本日は業務命令で行った「花火の場所とり中の喧嘩(ケンカ)で負傷は、労災なのか」を考えていく。
私の事務所でも終業時刻後に花火を観賞することがある。
あなたの飲食店でも、お客様にも声をかけ、店舗近くで花火を観賞会を開催することがあるだろう。
通常場所取りのために、スタッフを終業時刻より早めに出発させる。
会場となるの一画でその場で待機を業務として命じているからだ。
では、このような場所取り中に、その近くの一般訪問者とトラブルを生じ、相手方から殴られ負傷したような場合どうなるだろうか。
あなたは、どう思いますか?
労災の業務災害と認められるのか。
そこで今回は、私たちでともに考えてみましょう。
労災の業務災害と認められる理由は、何か
労災保険の業務災害と認められるためには、発生した傷病等が「業務上」のものと認められることが必要である。
「業務上」と認められるには、裁判例や行政解釈では、当該傷病等が①業務遂行中に(業務遂行性)かつ②業務に起因して(業務起因性) 発生したものであることが必要とされている。
つまり、2つの要件で判断することになる。
もう少し具体的に説明しよう。
①「業務遂行性」とは、【具体的な業務の遂行中】という狭い意味ではなく労働者が労働契約を基礎として形成される使用者の支配下ないし管理下にあること。
②「業務起因性」とは、業務または業務行為を含めて、「労働者が労働契約に基づき事業主の支配下にあることに伴う危険が現実
化したものと経験則上認められる」客観的な因果関係(相当因果関係)が存在すること。
「業務遂行性」がなければ「業務起因性」は成立しないという考え方も成り立つ。
あなたと考える,花火観賞会の正体 業務遂行性は肯定or否定
あなたは、こう考えるかもしれない。
「「業務遂行性」と「業務起因性」はわかったから。

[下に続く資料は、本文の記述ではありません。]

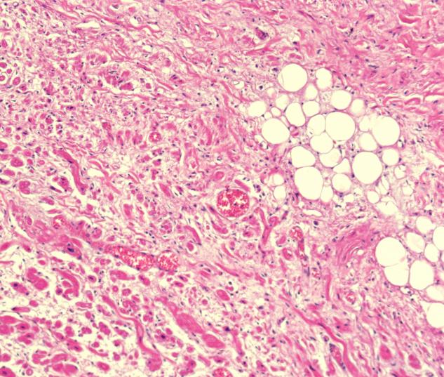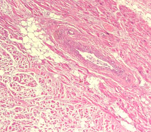 镜检:心脏轻度自溶。心肌纤维粗细不一,部分拉长变细,以乳头肌为甚,部分呈不规则波浪状排列,心肌间纤维组织增生和脂肪组织浸润,心肌被分隔为条索状,局部心肌纤维嗜伊红染色增强,部分横纹消失,部分心肌细胞核消失。窦房结纤维组织增多,结细胞减少,纤维化程度>75%,窦房结和房室结与束支内见脂肪细胞浸润。

。つべこべ言わずに、早く結論を言えよ!」
それでは解説しよう。
今回の花火観賞会は、店舗主催の事業と考えられる。
場所とりは、終業時刻より早めに出発させ開宴までその場で待機している。
ということは、待機は店舗責任者からのが業務命令である。
このことから業務性は高い。
業務遂行性は肯定されると、いえるだろう。
花火の場所とり中の喧嘩(ケンカ)で負傷 業務起因性を、斬る
あなたの結論は、こうかもしれない。
「わかった。じゃあ労災ね」
チョット待った!
最初に私が言ったことを、思い出してほしい。
「「業務上」と認められるには①業務遂行中に(業務遂行性)かつ②業務に起因して(業務起因性)発生したものであることが必要とされている」ことを。

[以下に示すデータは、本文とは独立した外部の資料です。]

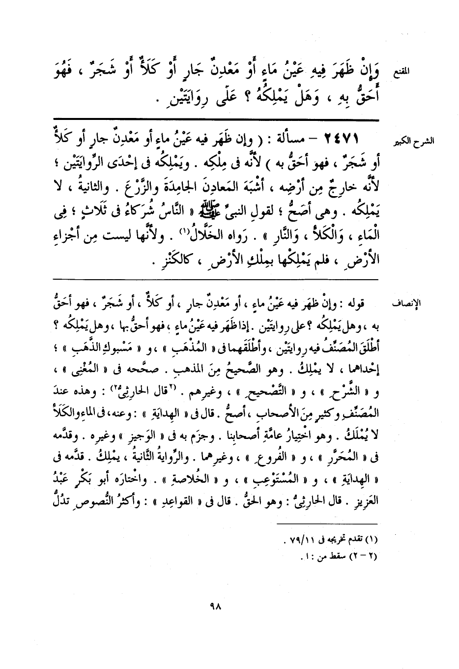 قوله: وإنْ ظهَر فيه عَينُ ماءٍ، أو مَعْدِنٌ جارٍ، أو كَلأٌ، أو شَجَرٌ، فهو أحَقُّ به، وهل يَمْلِكُه؟ على رِوايتَين. إذا ظَهَر فيه عَينُ ماءٍ، فهو أحقُّ بها، وهل يَمْلِكُه؟ أطْلَقَ المُصَنِّفُ فيه رِوايتَين، وأطْلَقَهما في «المُذْهَبِ»، و «مَسْبوكِ الذَّهَبِ»؛ إحْداهما، لا يمْلِكُ. وهو الصَّحيحُ مِنَ المذهبِ. صحَّحه في «المُغْنِي»، و «الشَّرْحِ»، و «التَّصْحيحِ»، وغيرِهم. [قال الحارِثِيُّ] (¬1): وهذه عندَ المُصَنِّفِ وكثيرٍ مِنَ الأصحابِ، أصحُّ. قال في «الهِدايَةِ»: وعنه، في الماءِ والكَلَأ لا يُمْلَكُ. وهو اخْتِيارُ عامَّةِ أصحابِنا. وجزَم به في «الوَجيزِ» وغيرِه. وقدَّمه في «المُحَرَّرِ»، و «الفُروعِ»، وغيرِهما. والرِّوايةُ الثَّانيةُ، يمْلِكُ. قدَّمه في «الهِدايَةِ»، و «المُسْتَوْعِبِ»، و «الخُلاصةِ». واخْتارَه أبو بَكْرٍ عَبْدُ العَزِيزِ. قال الحارِثِيُّ: وهو الحقُّ. قال في «القواعِدِ»: وأكثرُ النُّصوصِ تدُلُّ
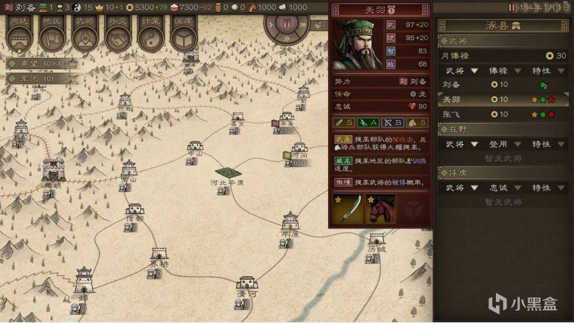 游戏的战斗部分相对容易理解,虽说存在不同武将对不同部队的战力影响,但是大抵上满足人头互换的逻辑,只要人够多就能打下城池。但是部分地区,尤其是蛮夷部族与平原地区的城池之间联通为“险路”,从路上经过需要耗费大量人力和粮食,非常麻烦。

もう1つの要件、(業務起因性)を説明するから、もう少しお付き合いいただきたい。
業務遂行性が認められる仕事中の災害は、原則的に業務起因性が認められる。
しかしながら自然現象、他人の故意行為、本人の私的逸脱行為、規律違反行為などの場合は業務起因性は認められない。
一方、逸脱行為であっても職務内容などの合理性、必要性が認められる場合は特別な事情のない限り業務起因性が認めらる。

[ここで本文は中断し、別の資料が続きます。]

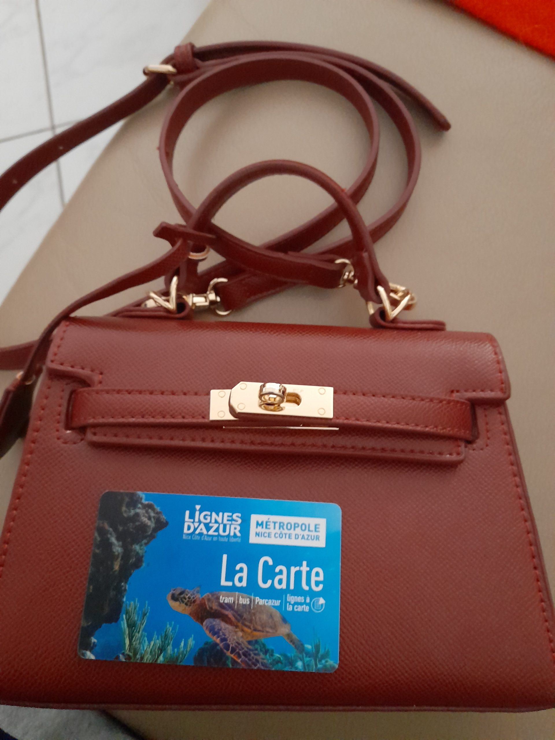 Objet trouvé : Petit sac style cuir couleur bordeaux avec lanière. Contenant 1 carte transports lignes d'azur, 1 trousseau de clefs sur porte-clefs, avec badge d'ouverture de porte.

今回のように、花火の場所とり中の喧嘩(ケンカ)で暴力を振るわれて負傷した場合、仕事上で必要な注意をしたところ相手がキレタ事案などは,労災と認定される可能性が高くなる。
そうは言っても必要以上に相手を挑発、刺激したりした結果、認められない可能性が高くなる。
さらに、まったくの私怨による場合には業務起因性は否定される。
つまり私があなたに言いたいことは、人の感情が同居した事故が、労災になることは、有り得ないということだ。
業務中、社員が殴られること
花火の場所とり役の社員が殴られるに至った原因。
花火観賞の場所とり行為自体が「理由なく積極的に妨害があった」とすれば業務起因性が認められる可能性はゼロでは、ない。
しかし花火鑑賞会の場所とりで、全く知らない人から、いきなり一方的に殴られて負傷することは、まず起こり得ない。
殴られて負傷したことは、通常業務行為によってではなく私的怨恨、喧嘩、闘争によって至ったものと考えるのが普通である。このことから業務起因性が認められる可能性は低いと考えられる。
したがって、花火の場所とり中の喧嘩(ケンカ)での負傷は、業務上の災害と認められる可能性は低いといえる。
社会保険労務士、渋谷区の高山英哲でした。